Amid the carnage, crypto investor Mike Novogratz remarked, “We had China really be much more forceful in their idea to ban cryptocurrency. That’s created a retail deleveraging”… Implying bitcoin “whales” or institutional investors, weren’t selling. If he was right… bitcoin wouldn’t stay below $30K for long… and it didn’t.
During these types of extreme meltdowns, I follow an indicator that tracks the difference between bitcoin prices on the Coinbase exchange and those on smaller exchanges like Bitfinex.
When institutional investors buy bitcoin, they tend to do it on Coinbase. That’s why the volume traded on Coinbase is almost three times higher than any other exchange. And at extremes, this indicator leads prices.
The chart below shows how this relationship played out on Tuesday as bitcoin broke below $30K… the green line is the price of bitcoin, and the black dotted line is an index that tracks the price difference between Coinbase and Bitfinex.

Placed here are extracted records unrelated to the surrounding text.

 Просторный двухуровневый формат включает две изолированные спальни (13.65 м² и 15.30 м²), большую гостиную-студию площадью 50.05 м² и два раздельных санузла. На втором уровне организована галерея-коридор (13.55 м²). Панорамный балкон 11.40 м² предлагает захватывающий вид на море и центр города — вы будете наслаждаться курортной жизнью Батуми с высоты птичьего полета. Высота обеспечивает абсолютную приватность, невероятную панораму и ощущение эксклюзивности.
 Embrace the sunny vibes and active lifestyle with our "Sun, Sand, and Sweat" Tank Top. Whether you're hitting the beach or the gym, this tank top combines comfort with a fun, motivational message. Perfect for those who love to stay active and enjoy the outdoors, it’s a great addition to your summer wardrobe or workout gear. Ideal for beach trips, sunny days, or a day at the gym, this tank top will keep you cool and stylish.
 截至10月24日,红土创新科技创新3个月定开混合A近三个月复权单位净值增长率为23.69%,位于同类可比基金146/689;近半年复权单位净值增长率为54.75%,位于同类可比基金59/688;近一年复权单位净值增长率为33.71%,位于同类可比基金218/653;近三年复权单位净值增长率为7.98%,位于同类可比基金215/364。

Around 10 a.m. on Tuesday, right at the lows of the day, that index exploded. Bitcoin subsequently bottomed, and is now comfortably back above $30K, and trading 14% above its lows on Tuesday.

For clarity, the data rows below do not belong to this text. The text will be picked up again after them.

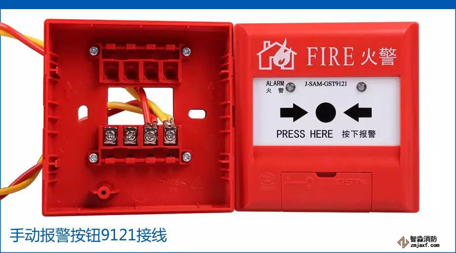 手動報警按鈕9121,不帶電話插孔,只需接信號總線。信號線一組來自上面感煙火災(zāi)探測器,一組接到我們今天的主角輸入輸出模塊8301上。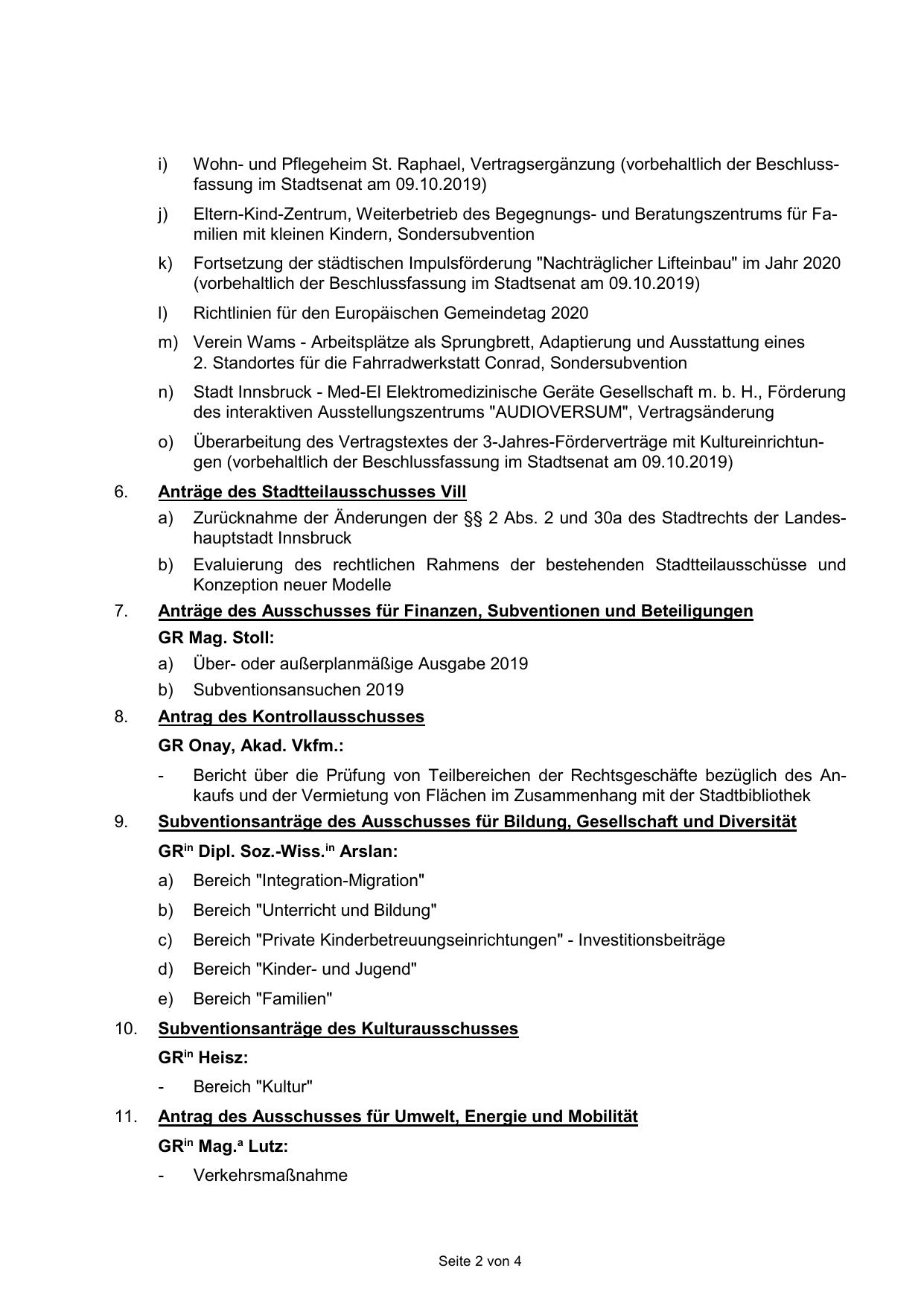 (vorbehaltlich der Beschlussfassung im Stadtsenat am 09.10.2019)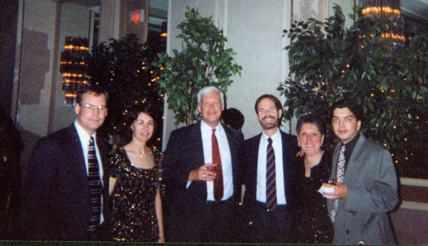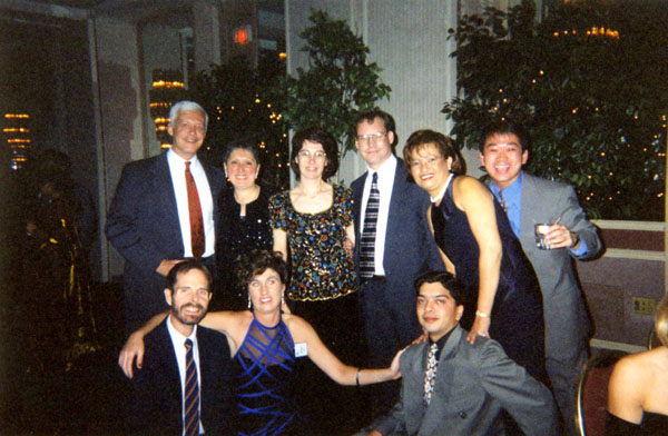 I was with the project about two years, and one December, at the height of the project's activity, Deloitte and Touche held a Christmas party for the folks on the project. We each got copies of any of the pictures the photographer took that included us; this is the first of mine. At this writing, I cannot remember the names of more than a few of the people I worked with. In the picture at left, I do remember Alan (4th from the left in the back row); he was the project manager for Deloitte and Touche and an accounting expert providing input into product functionality. And I remember Madhu (right end of the bottom row), one of the programming supervisors.

What bitcoin whales are doing is important – they determine whether prices will stabilize and whether the trend in institutional adoption continues.
Evidence shows they keep buying at the low $30K level. Since bitcoin’s initial collapse from $65K, this is now the fourth test of this price level. The more it builds from here, the stronger the future price movement becomes.

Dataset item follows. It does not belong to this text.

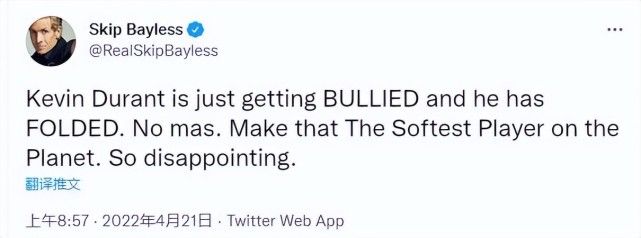 但是,很遗憾杜兰特依然状态不佳,贝莱斯继续狂喷:“杜兰特被欺负了,他已经弃牌了。别这样了!世界上最软的人,太令人失望了。”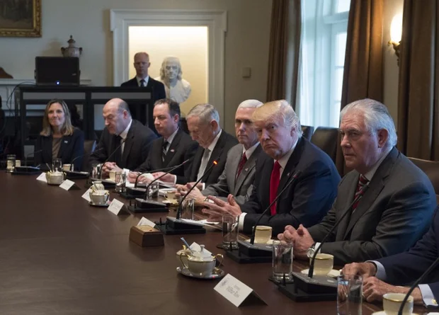 Photo: US President Donald Trump and Defense Secretary James Mattis at a cabinet meeting at the White House on 13 March 2017 (Reuters)

Right now, bitcoin’s short-term 21-day moving average is at $36K.
Considering all of the negativity recently, regaining this level would probably send it to new highs and be the buying opportunity many have missed out on.
But for the sake of the market at large… I hope bitcoin holds the line, because a complete collapse could be systemic.
Regards,
Eric Shamilov
Contributing Editor, Market Minute
Reader Mailbag
In today’s mailbag, Market Minute subscriber Mike answers Eric’s question from last week’s essay on whether readers will be buying the gold dip on the negative Fed reaction…
Albeit your analysis in regard to gold’s moving averages are about to cross, as I write this, gold is trading at $1,770 an ounce on the market. It does seem that it can move lower back towards the $1,680 level, and if that is broken, then $1,500.
After the FOMC meeting on Wednesday, investors are flocking to the U.S. dollar, and we’ll probably see a short-term move in dollar strength. For now, I feel prices are headed lower in gold until sentiment changes again. I think it’s still too early to jump into gold.
– Mike
And, Jeff Clark Alliance member Leroy talks about choosing Jeff over the “talking heads”…
I’m a new Alliance member. Nevertheless, I’ve been reading and following Jeff for a while now and I will go with Mr. Clark every time over the “talking heads.” Some provide valid information at times, but for the most part they’re for “entertainment” purposes only.